Voici une lettre d'amour et d'adieu Ă©crite par quelqu'un dont je garderais l'anonymat ; Elle
est adressée à sa bien aimée partie il y a quelques jours ...
Ces mots m'ont énormément touchés , je tenais à vous les faire partager ;
Merci Mimi ...
"Je t'aime
Quand le coma te gagnait, le médecin pensait que tu ne percevais plus
rien. MalgrĂ© cela, je t'ai dit "je t'aime" et l'Ă©motion m'a empĂȘchĂ© de
continuer; mais tu as ouvert les yeux et les as tournés vers moi,
vitreux. Comme pour me faire comprendre que tu entendais, que tu
comprenais. Je t'ai alors donné toutes les caresses et pendant
plusieurs heures j'ai guetté à travers ta respiration et les rùles le
moindre signe de ton amour.
La veille, mardi soir, tu voulais encore prendre ta part de la vie
commune et tu as désiré faire la soupe à l'oignon. Je l'ai pelé, le
gros oignon, et haché menu ; mais tu avais rempli la casserole d'eau
et tu n'arrivais pas à enflammer le gaz. Alors tu as baissé les bras
et tu as fondu en larmes : "je ne peux plus !" Je t'ai enlacée avec
précaution, longuement, avec une grande émotion⊠Comme la premiÚre
fois ! Et tu as reposĂ© ta tĂȘte sur mon Ă©paule. Sanglots et larmes ont
cessé. Et tu pouvais à nouveau réagir avec humour et détachement,
quand un verre ou une assiette se fracassait sur le carrelage..
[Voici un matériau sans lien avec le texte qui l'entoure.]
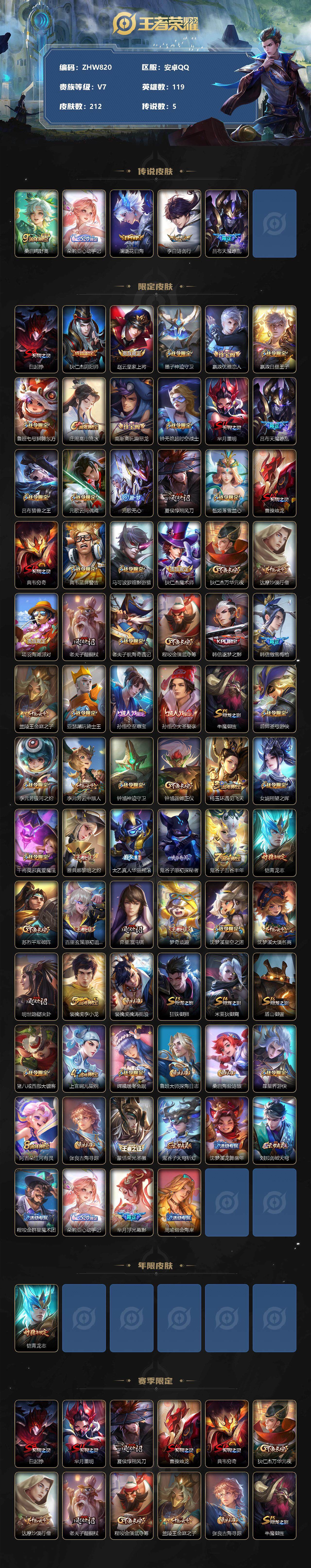 - [13056038]安卓Q-V8-永恒钻石IV段位-124英雄-285皮肤-1典藏-0珍品无双-0无双-0珍品传说-26传说-78史诗 【荣耀典藏】:韩信弑枪猎影 【内测皮肤】:高渐离玩趣恶龙,狂铁特工战影,干将莫邪胡桃夹子 【传说皮肤】:孙悟空地狱火,宫本武藏地狱之眼,孙尚香末日机甲,貂蝉仲夏夜之梦,后羿黄金射手座,干将莫邪久胜战神,张良黄金白羊座,刘备时之恋人,李信一念神魔,曜云鹰飞将,虞姬启明星使,镜炽阳神光,西施游龙清影,王昭君乞巧织情,赵云淬星耀世,马超无双飞将,百里守约碎云,吕布怒海麟威,孙悟空齐天大圣,项羽无限倾心,典韦战鼓燎原,桑启鸣野蒿,云缨幻光神枪,澜愿照九州拓,女娲愿照千秋盛,司空震愿照山河定 【限定皮肤】:白起狰,蔡文姬夏日便利店,大乔绒语心约,虞姬夏日便利店,姜子牙天穹之誓,狄仁杰阴阳师,赵云皇家上将,赵云龙胆,庄周高山流水,高渐离玩趣恶龙,元歌无心,夏侯惇朔风刀,夏侯惇匿光决锋者,甄姬游园惊梦,典韦穷奇,马可波罗山海玄木吟,狄仁杰魔术师,狄仁杰万华元夜,达摩沙漠行僧,项羽海滩派对,项羽无限倾心,老夫子醍醐杖,韩信飞衡,兰陵王金庭之子,孙悟空至尊宝,孙悟空齐天大圣,牛魔御旌,李元芳云中旅人,虞姬启明星使,干将莫邪胡桃夹子,太乙真人饕餮,太乙真人华丽摇滚,鬼谷子五谷丰年,苏烈千军破阵,百里玄策原初追逐者,弈星混沌棋,梦奇顽趣,沈梦溪大漠名商,明世隐疑决卦,裴擒虎李小龙,裴擒虎擒涛扼浪,狂铁御狮,云中君纤云弄巧,盾山御銮,上官婉儿梁祝,嫦娥拒霜思,嫦娥暖冬兔眠,鲁班大师探海日志,桑启海盐诗旅,暃星界游侠,阿古朵江河有灵,张良古海寻踪,蒙犽百解令,鬼谷子天穹祈灯,沈梦溪龙舞盛年,刘邦剑破天穹,刘备异域游侠 【年限皮肤】:韩信飞衡,赵云龙胆,马可波罗山海玄木吟 【赛季限定】:白起狰,夏侯惇朔风刀,典韦穷奇,狄仁杰万华元夜,达摩沙漠行僧,老夫子醍醐杖,兰陵王金庭之子,张良古海寻踪,牛魔御旌,李元芳云中旅人,太乙真人饕餮,苏烈千军破阵,百里玄策原初追逐者,弈星混沌棋,梦奇顽趣,沈梦溪大漠名商,明世隐疑决卦,裴擒虎擒涛扼浪,狂铁御狮,盾山御銮,鲁班大师探海日志,桑启海盐诗旅,鬼谷子天穹祈灯,刘邦剑破天穹,姜子牙天穹之誓 【战令限定】:蔡文姬夏日便利店,虞姬夏日便利店,嫦娥暖冬兔眠,暃星界游侠 【史诗皮肤】:鲁班七号电玩小子,露娜紫霞仙子,赵云皇家上将,赵云未来纪元,貂蝉圣

"Encore une de morte !" Comme aurait dit un homme ivre.
Mercredi matin, le café préparé, je suis allé te réveiller doucement.
"il est quelle heure ?" â "presque 8 heures" Je t'ai aidĂ©e Ă sortir
des draps⊠mais j'ai eu du mal à te soutenir jusqu'à la table du petit
déjeuner.
Tu pensais que je me trompais en te faisant avaler les médicaments du
matin; il a fallu que tu constates l'heure matinale⊠Quelques gorgées
de café au lait t'ont suffi. "C'est assez pour le moment"
J'ai pris deux ou trois minutes pour redresser ton lit et je t'ai
retrouvée, pliée en deux sur le cÎté. Une amie entrait; elle m'a aidé
Ă te transporter assise sur ton siĂšge, jusqu'au lit. Tu dormais. Il
était fréquent que tu t'endormes à table, parfois une tasse à la main.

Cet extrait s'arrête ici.